Catalyst precursors from blood
My wife is a hematologist, so we talk about blood disorders all the time. Since she has a biochemistry background, it is easy for us to communicate on a level that is somewhat molecular in nature. I lose her when we start considering clinical aspects of blood disease – this is way over my head.
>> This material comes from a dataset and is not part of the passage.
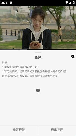 点击播放页面右上角的TV图标,就能搜索并连接投屏设备,畅享大屏观影的乐趣。
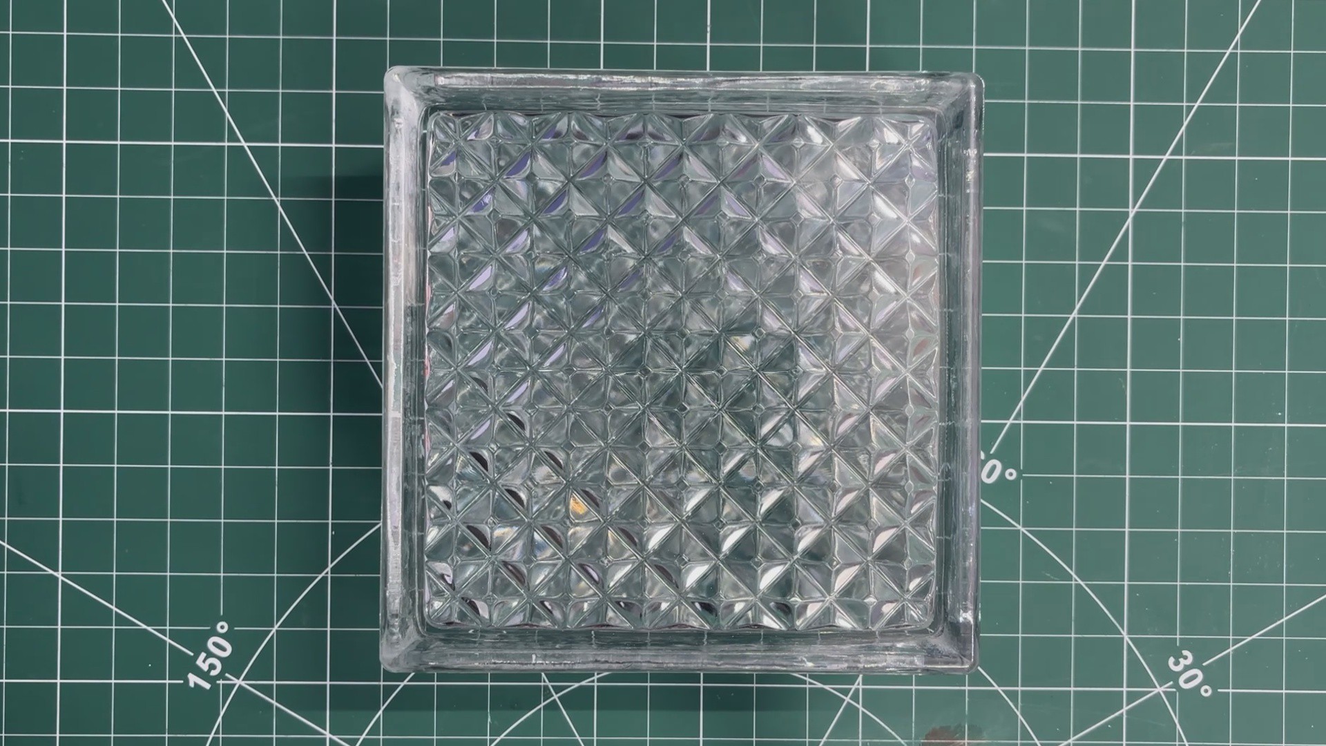 This was the star of our project, a glass brick, which is a hollow or solid block made of two pieces of glass that are fused together.

In regards to molecular components of blood, I was glad to hear Professor Rudi Fasan’s advances in the area of cyclopropanation while in Rochester last week. Myoglobin is what links Rudi’s work with my post-dinner discourses with Jovana. In his Angewandte paper, which was published at the beginning of this year, Rudy and his team were able to show that myoglobin catalyzes cyclopropanation of olefins. Coupled with its function as oxygen carrier in the heart and skeletal muscles, this cyclopropanation business makes myglobin ever more interesting. Scalability and surprising robustness (up to 46,800 TON) are the most remarkable features of this system. I particularly liked the rational approach to improving catalytic efficiency through site-directed mutagenesis. As you might imagine, there are just so many reactions out there that involve activation of diazo compounds using transition metals. I think that the future for atom transfer processes using the constituents of blood is a bright one.